**Aim of the exercise**
Leave out the pictures and output exactly the lines below from the one with "Das Haus (Baujahr" down to the one with "Hálózati elosztó 3db", both of them included.

**Dataset items**
--------
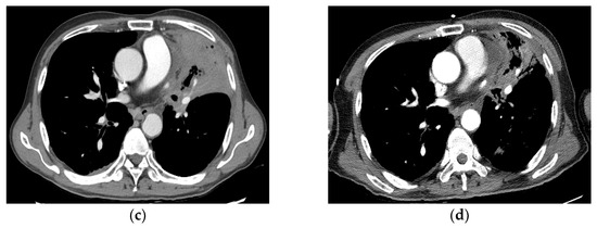 - Fukuda, Y.; Homma, T.; Uno, T.; Murata, Y.; Suzuki, S.; Shiozawa, E.; Takimoto, M.; Sagara, H. Fatal rupture of pulmonary artery pseudoaneurysm after thoracic radiation therapy against lung squamous cell carcinoma: A case report and literature review. Clin. Case Rep. 2021, 9, 737–741. [Google Scholar] [CrossRef]
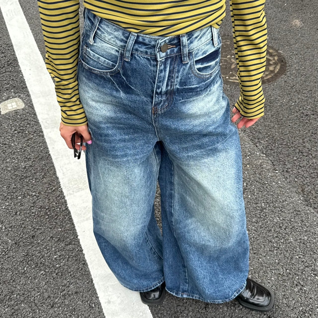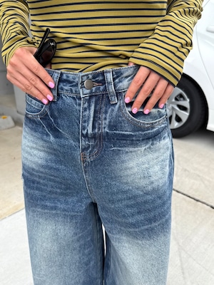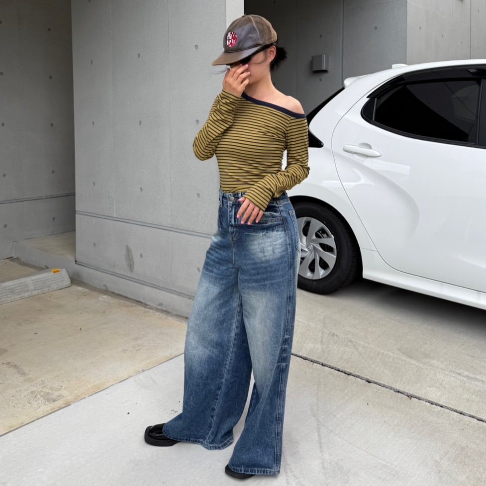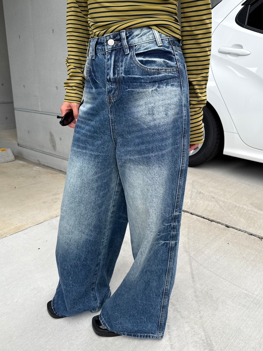 ウォッシュハイウエストワイドジーンズ_LN03622
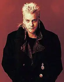David, and particularly his interactions with the character Michael,[10] has been read as homoerotic. Sutherland has nodded to these themes, remarking that the "whole scene where I catch [Michael] in the fog coming off the bridge ... I mean, it's a very sensual moment!"[11] Harry Benshoff in his book Monsters in the Closet: Homosexuality and the Horror Film states that with his bleach-blond hair, stubble, earrings and leather attire David appears as a gay pin-up model. He interprets the film as the story of the "normal" teen Michael being seduced by David's lifestyle.[12] Psychoanalyst Trevor C. Pederson describes David's attempts at recruiting Michael as "obsessive", noting that David even requests that Michael join him even after Michael and his friends have killed all of David's fellow vampires.[13][14][15][16][17]
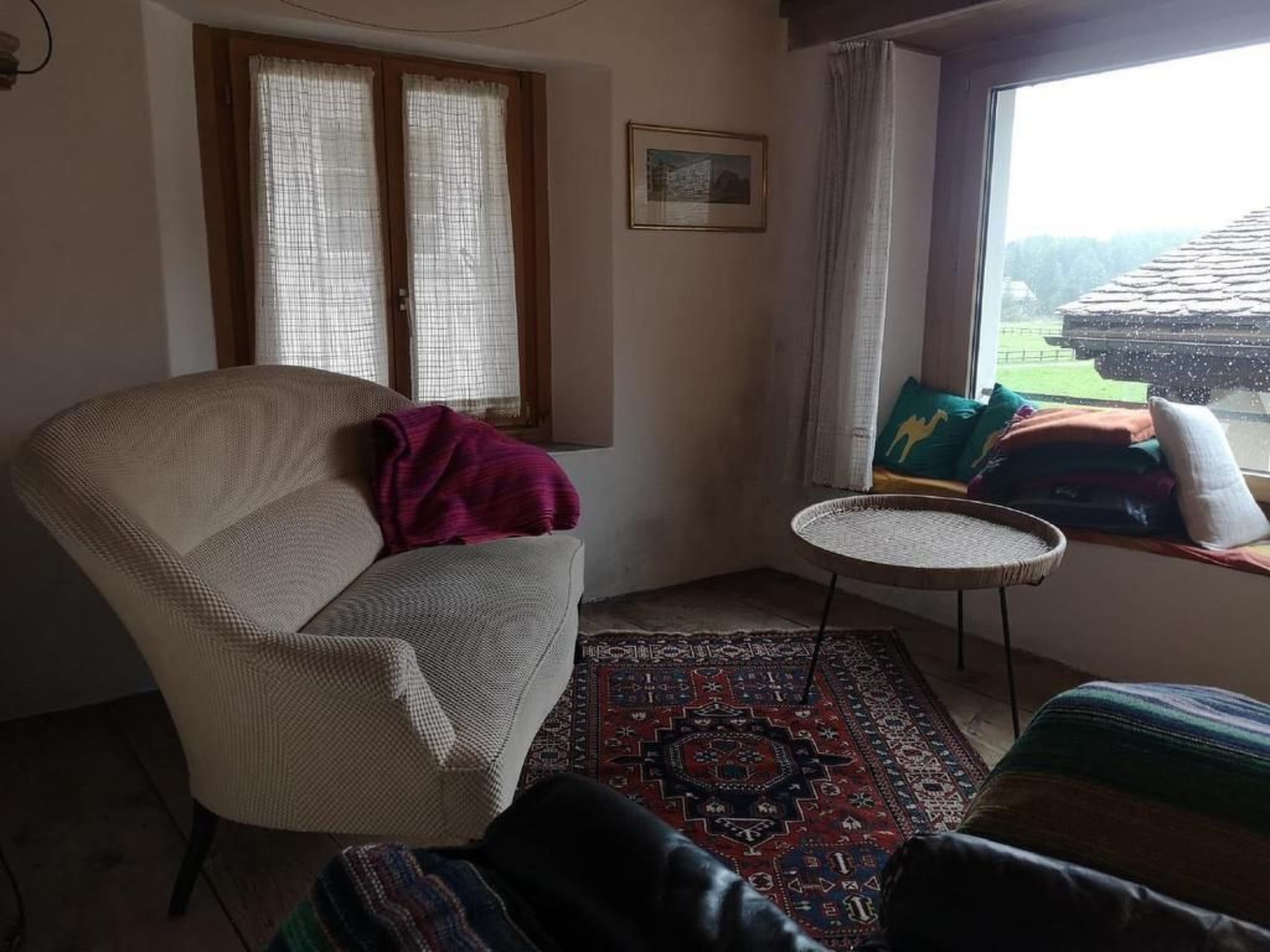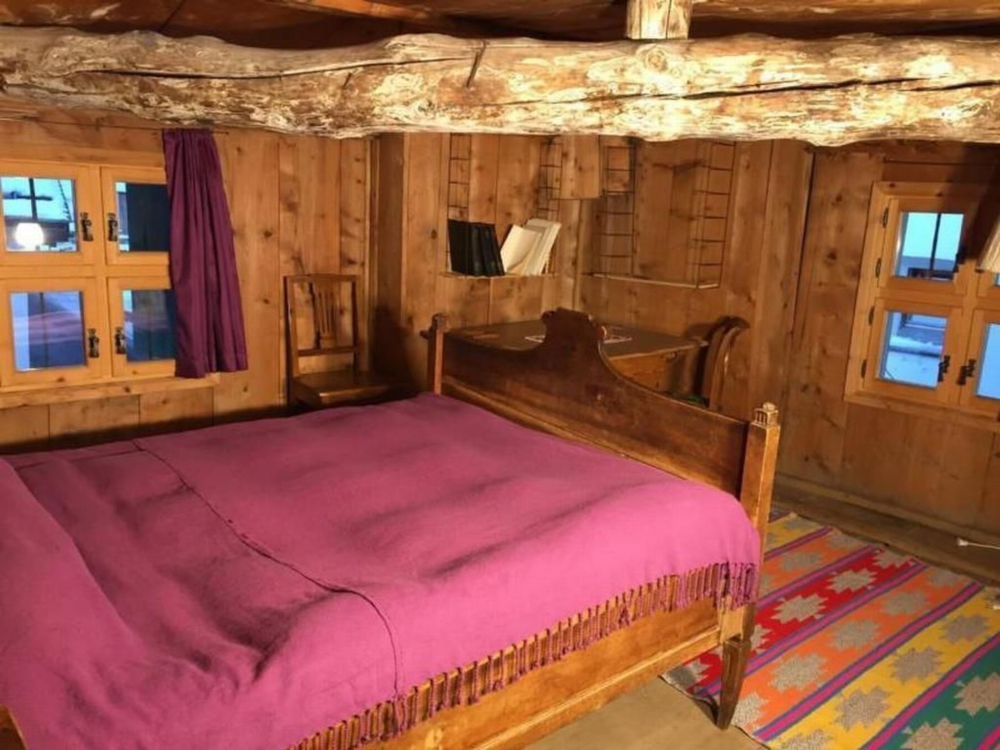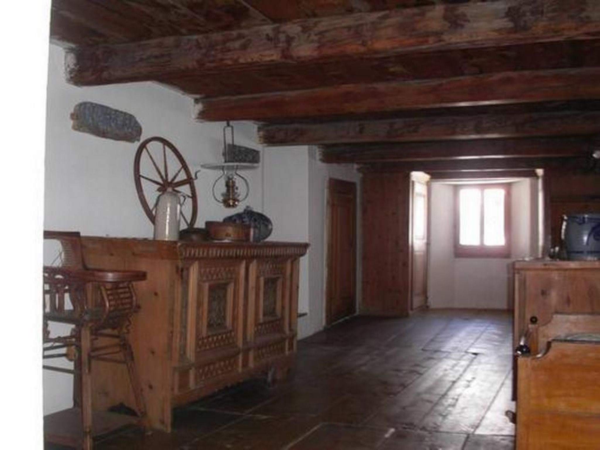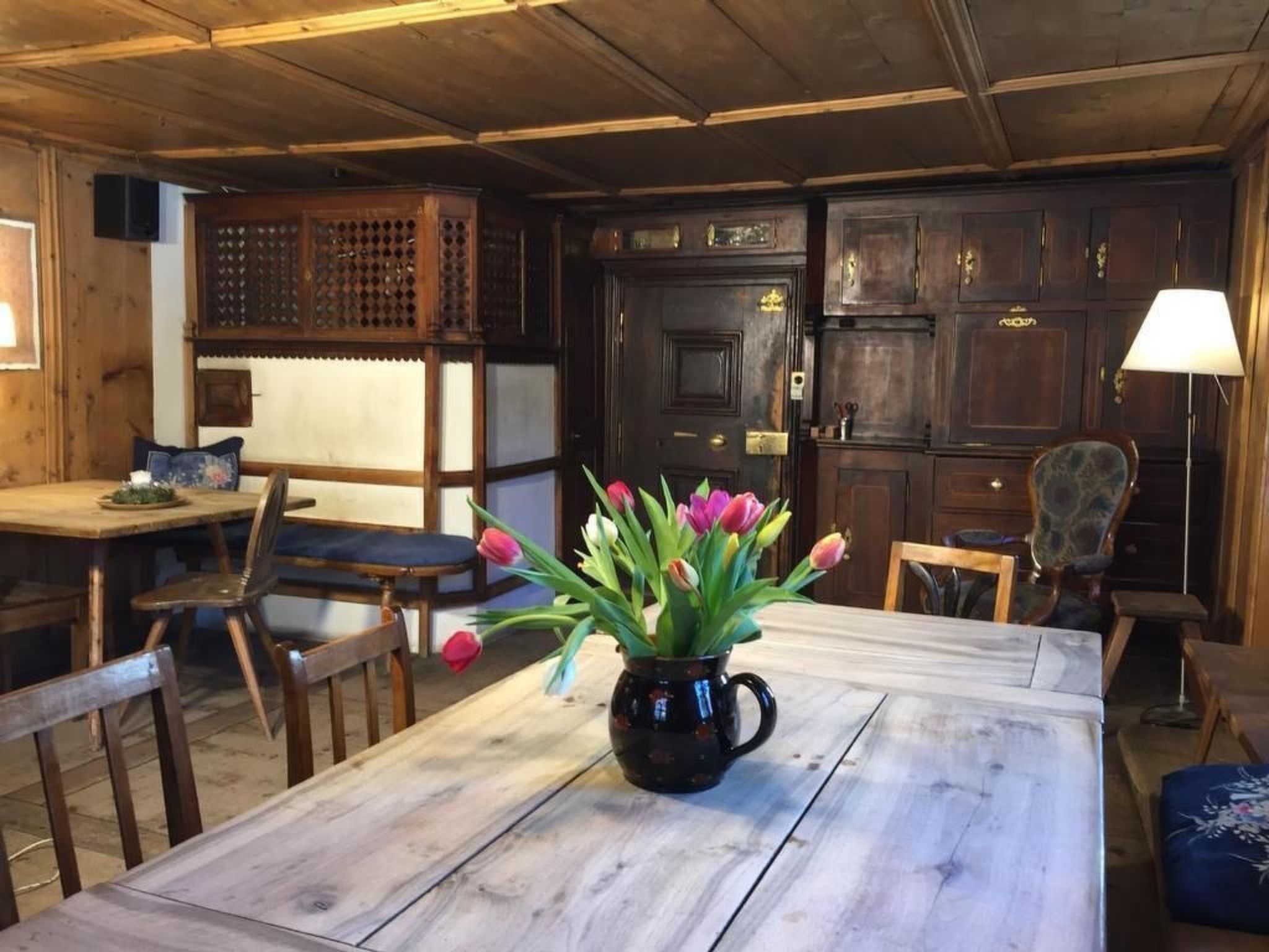 Das Haus (Baujahr 1792) steht unter Denkmalschutz; wir haben es nur vorsichtig und mit Respekt gegenüber der alten Bausubstanz modernisiert. Die mit Arvenholz getäferte Wohnstube wird von der Küche her mit einem alten Engadiner Ofen geheizt. Eine kleine Holztreppe führt zu den darüber liegenden Schlafzimmern.
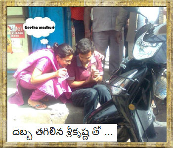 " అదా ... తను స్కూటర్ మీద నుంచి పడ్డాడు. నేను వెళ్ళి చూస్తున్నాను. ఇంతలో కొంతమంది చూసి దగ్గరకి వచ్చి - " మీరు శ్రీకృష్ణ కదండీ ... మీరు ఫలానా పాట బాగా పాడేరండీ ... ఇప్పుడు ఏ సినిమాల్లో పాడుతున్నారండీ " - అని దెబ్బ సంగతి పట్టించుకోకుండా అడుగుతుంటే - తను లేచి కదలకుండా " ఆ ... హలో ... థాంక్యూ ... " అంటూ వివరాలు చెప్తుంటే ఆటోమాటిగ్గా నవ్వు వచ్చేసింది. పైగా తను పడడం పడడమే కామెడీ గా పడ్డాడు లెండి . ఈలోగా ఎవరో కెమెరా క్లిక్ మనిపించి ఫేస్ బుక్ లో పెట్టేశారు. అది పడక పడక మీ చేతిలో పడింది"
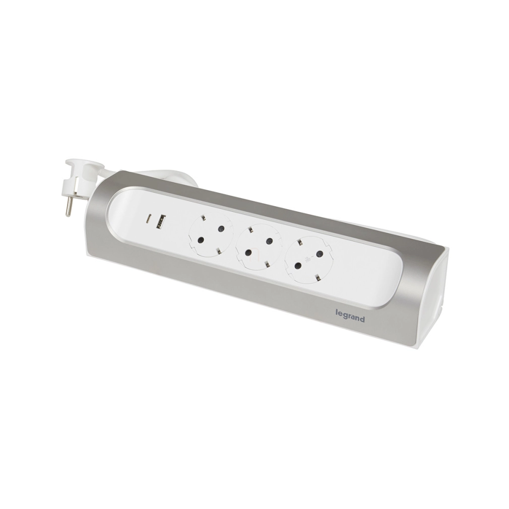 Hálózati elosztó 3db aljzat 1fm vezetékkel, sarokba illeszkedő, USB-A + USB-C fehér-alumínium 694502 Legrand
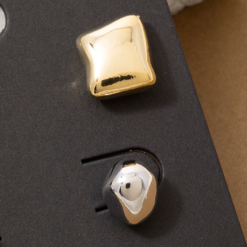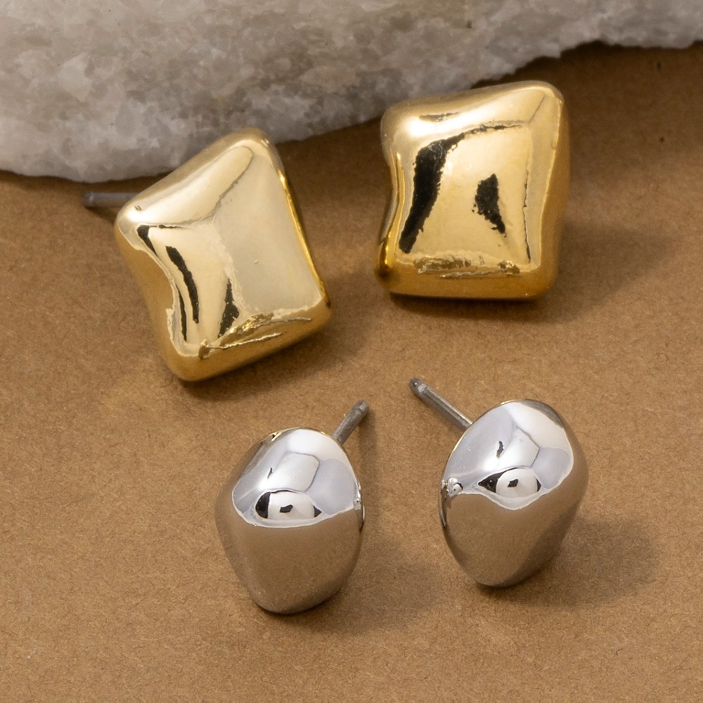 An instant wardrobe staple, this pair of earrings incorporates a remarkable two tone square & nugget 2 pair stud earring set design. Discover the magic of accessorizing with this versatile pair of earrings, effortlessly upgrading the style quotient of any outfit. This item is sold in packs of 12.
--------
**Result**
 Das Haus (Baujahr 1792) steht unter Denkmalschutz; wir haben es nur vorsichtig und mit Respekt gegenüber der alten Bausubstanz modernisiert. Die mit Arvenholz getäferte Wohnstube wird von der Küche her mit einem alten Engadiner Ofen geheizt. Eine kleine Holztreppe führt zu den darüber liegenden Schlafzimmern.
 " అదా ... తను స్కూటర్ మీద నుంచి పడ్డాడు. నేను వెళ్ళి చూస్తున్నాను. ఇంతలో కొంతమంది చూసి దగ్గరకి వచ్చి - " మీరు శ్రీకృష్ణ కదండీ ... మీరు ఫలానా పాట బాగా పాడేరండీ ... ఇప్పుడు ఏ సినిమాల్లో పాడుతున్నారండీ " - అని దెబ్బ సంగతి పట్టించుకోకుండా అడుగుతుంటే - తను లేచి కదలకుండా " ఆ ... హలో ... థాంక్యూ ... " అంటూ వివరాలు చెప్తుంటే ఆటోమాటిగ్గా నవ్వు వచ్చేసింది. పైగా తను పడడం పడడమే కామెడీ గా పడ్డాడు లెండి . ఈలోగా ఎవరో కెమెరా క్లిక్ మనిపించి ఫేస్ బుక్ లో పెట్టేశారు. అది పడక పడక మీ చేతిలో పడింది"
 Hálózati elosztó 3db aljzat 1fm vezetékkel, sarokba illeszkedő, USB-A + USB-C fehér-alumínium 694502 Legrand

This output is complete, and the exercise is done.